=== Work instructions ===
Repeat exactly the lines that run from the start of the records below to the line with "National Chief, I’ll", including both of those lines but not the pictures.
+++ Data to examine
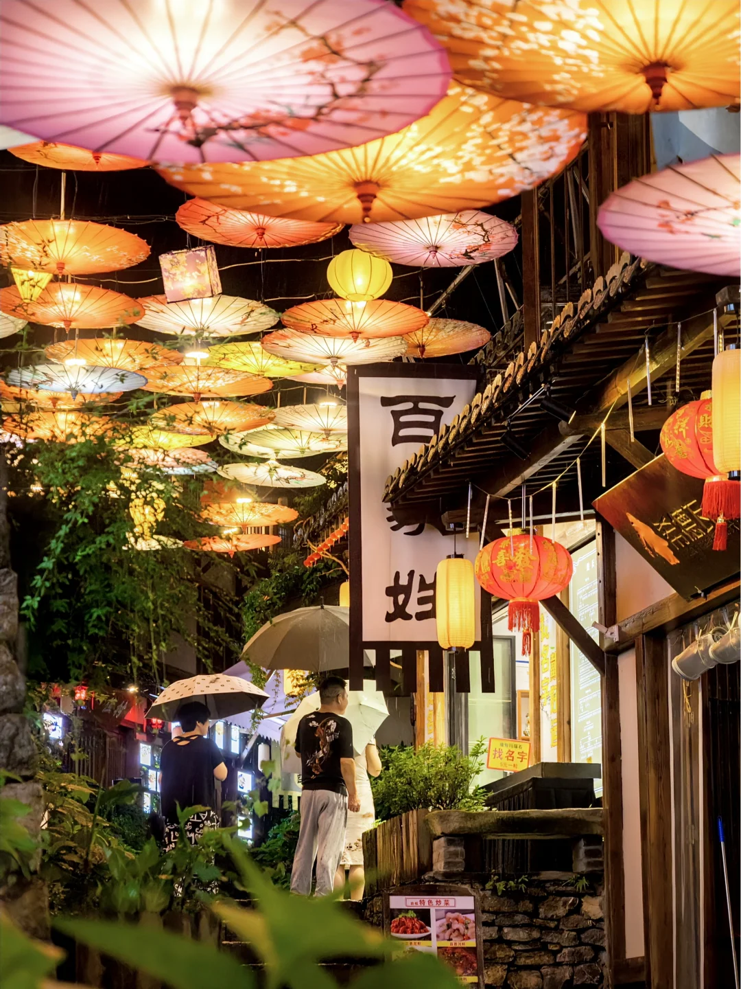 古色古香的街道,是村子里最热闹的地方,晚上灯笼亮起,仿佛穿越到富贵迷人眼的东京城。
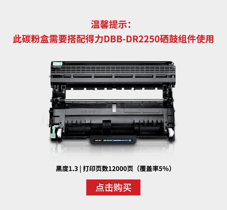 >得力(deli)DBB-TN2225 大容量硒鼓碳粉盒(适用兄弟Brother 22402250DN7360 联想LJ2400M7450F) 黑色
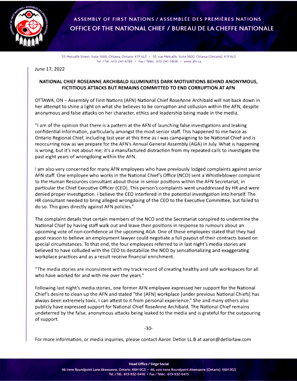 “As National Chief, I’ll continue to press for a forensic audit and full impartial investigation into theA‘FN’ and I’ll continue to release truthful information in the coming days. I remain undeterred in my conviction that the A‘FN’ is sorely in need of a forensic audit and independent investigation. Sunlight is the best disinfectant.”
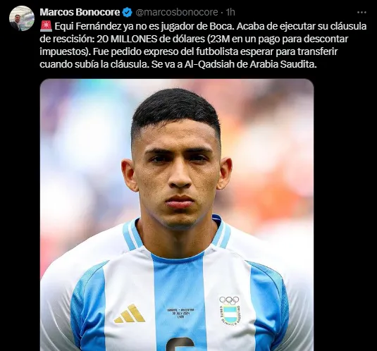 Este domingo 4 de agosto, en las vísperas del partido ante Barracas Central por la Liga Profesional, se confirmó la noticia que pululaba los pasillos de La Bombonera y que tenía a todo el Mundo Boca en vilo. Equi Fernández se marcha del club ante la ejecución de su cláusula de rescisión para convertirse en nuevo jugador del Al-Qadsiah (o Al-Qadsiyah) de la liga de Arabia Saudita.
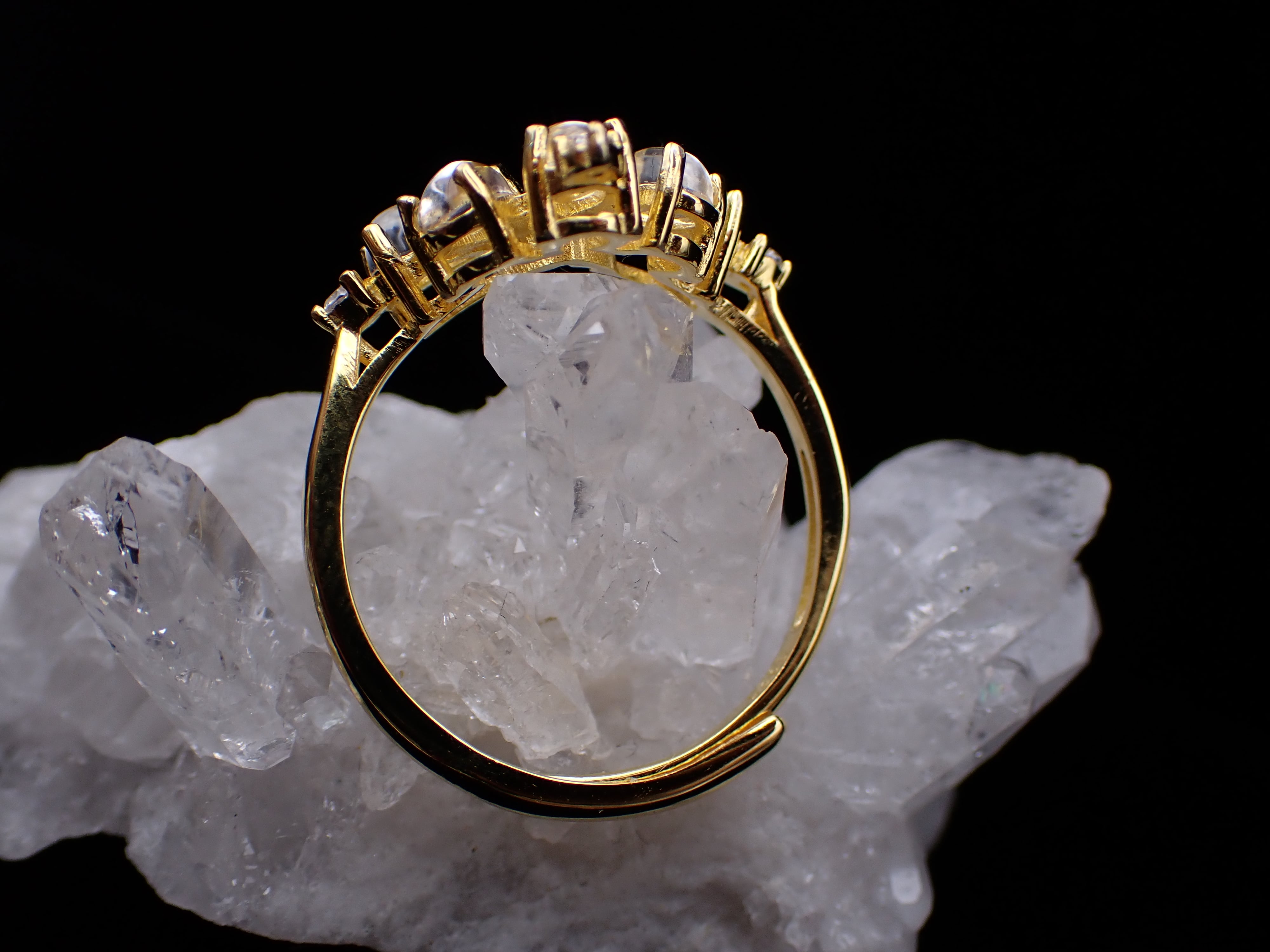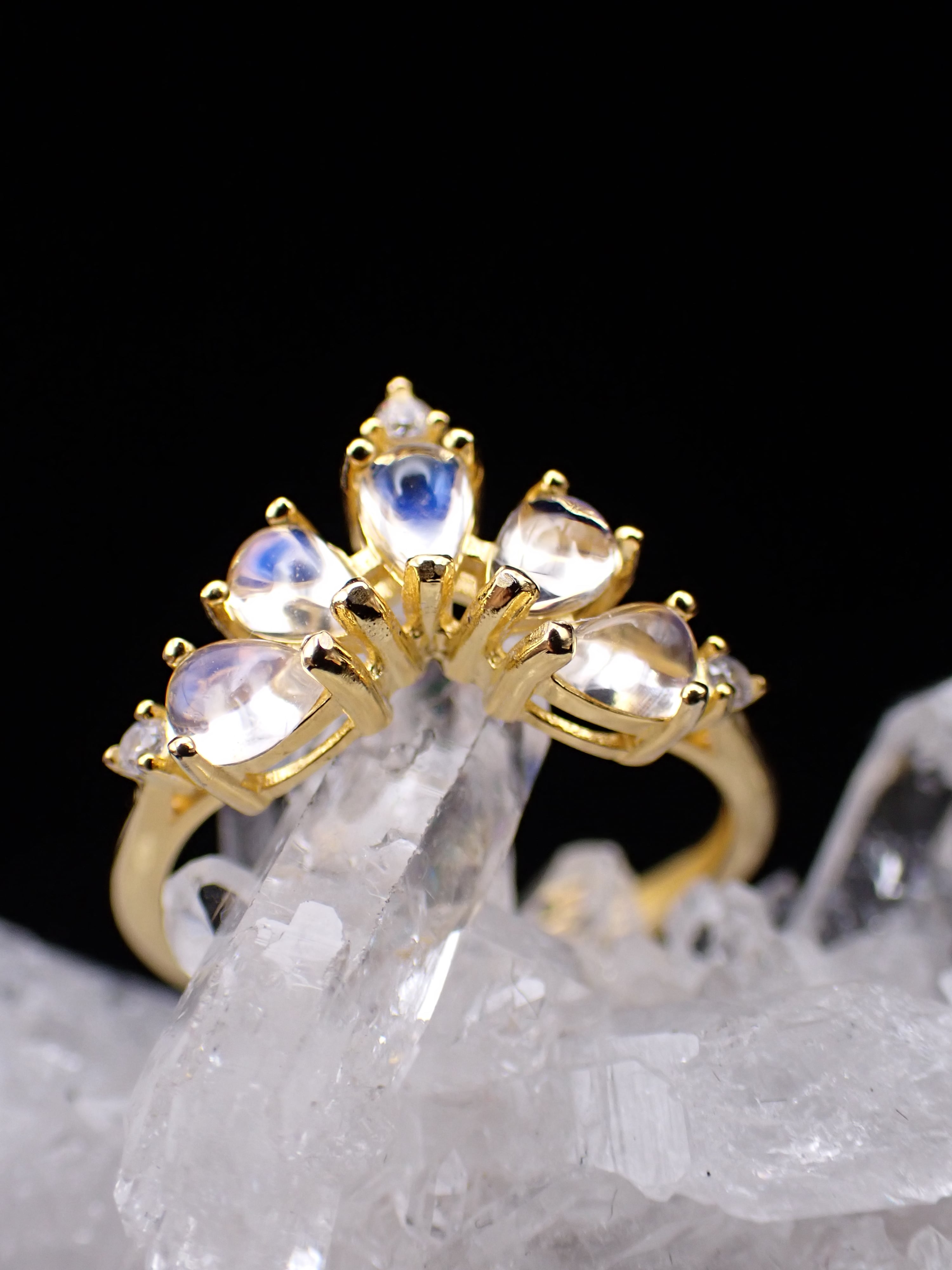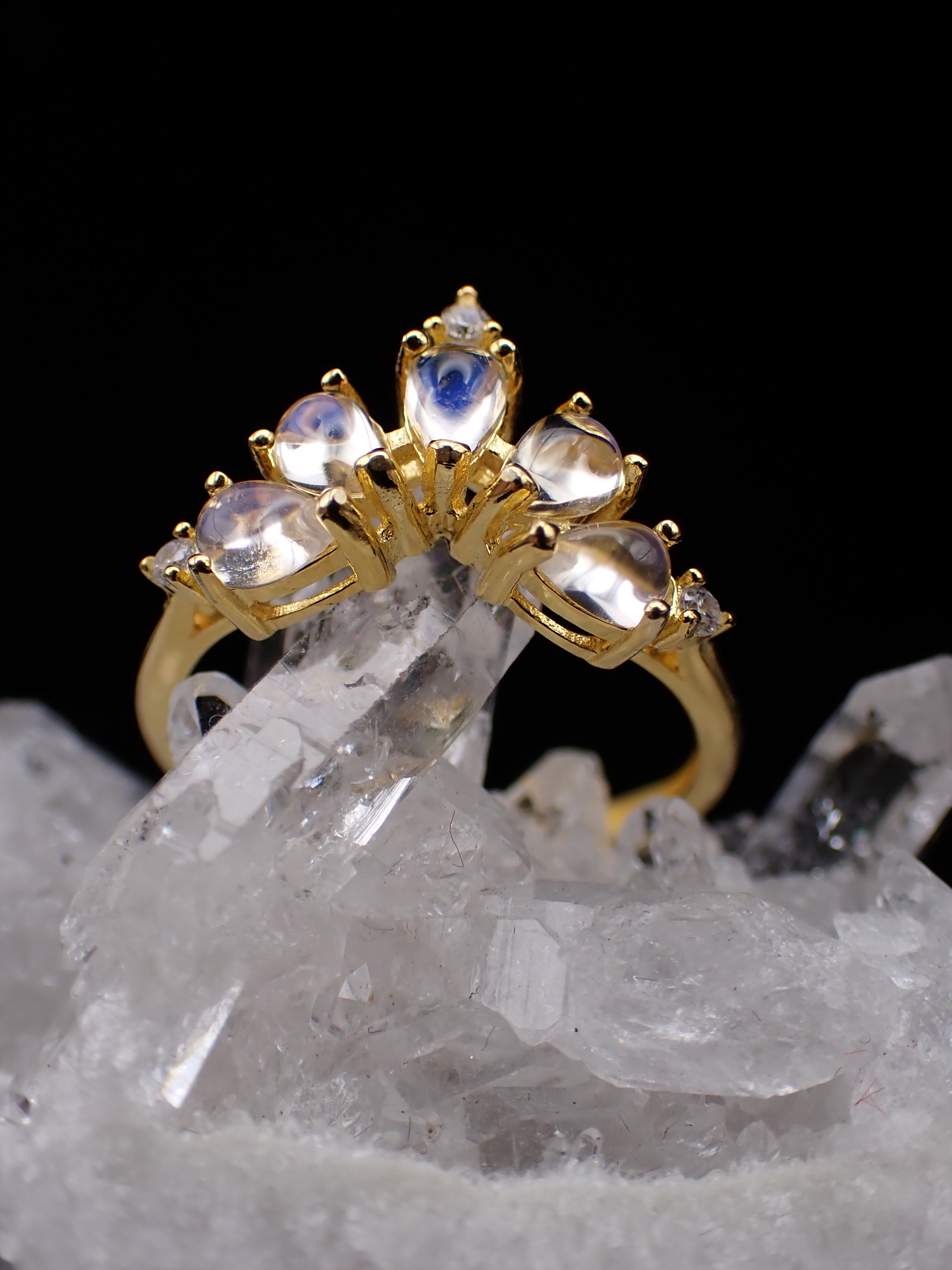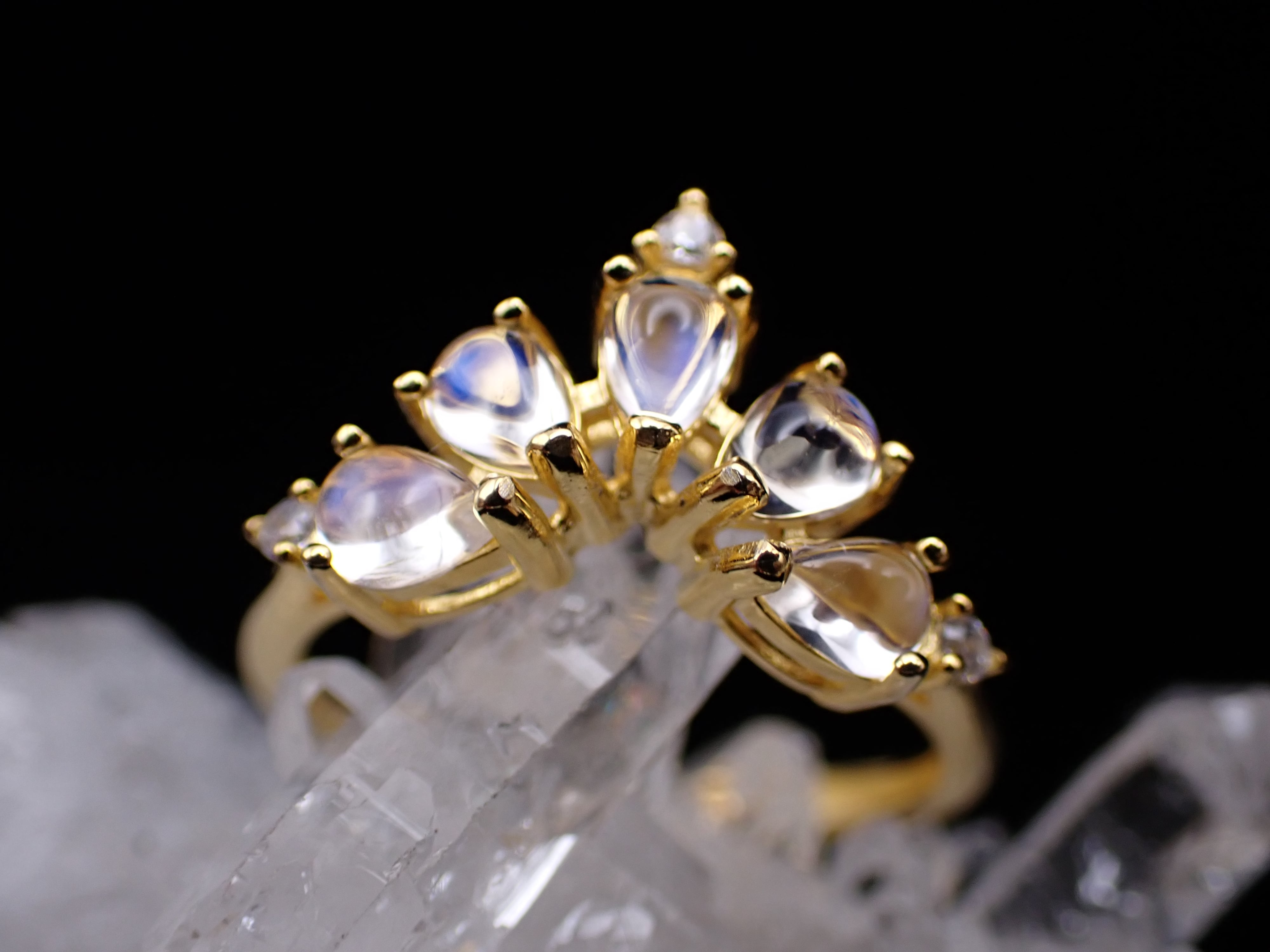 カボションドロップのアンデシンラブラドライトたちが5つ、孔雀が羽根をひろげたように並んだリングです。
++++++
=== Answer space ===
 古色古香的街道,是村子里最热闹的地方,晚上灯笼亮起,仿佛穿越到富贵迷人眼的东京城。
 >得力(deli)DBB-TN2225 大容量硒鼓碳粉盒(适用兄弟Brother 22402250DN7360 联想LJ2400M7450F) 黑色
 “As National Chief, I’ll continue to press for a forensic audit and full impartial investigation into theA‘FN’ and I’ll continue to release truthful information in the coming days. I remain undeterred in my conviction that the A‘FN’ is sorely in need of a forensic audit and independent investigation. Sunlight is the best disinfectant.”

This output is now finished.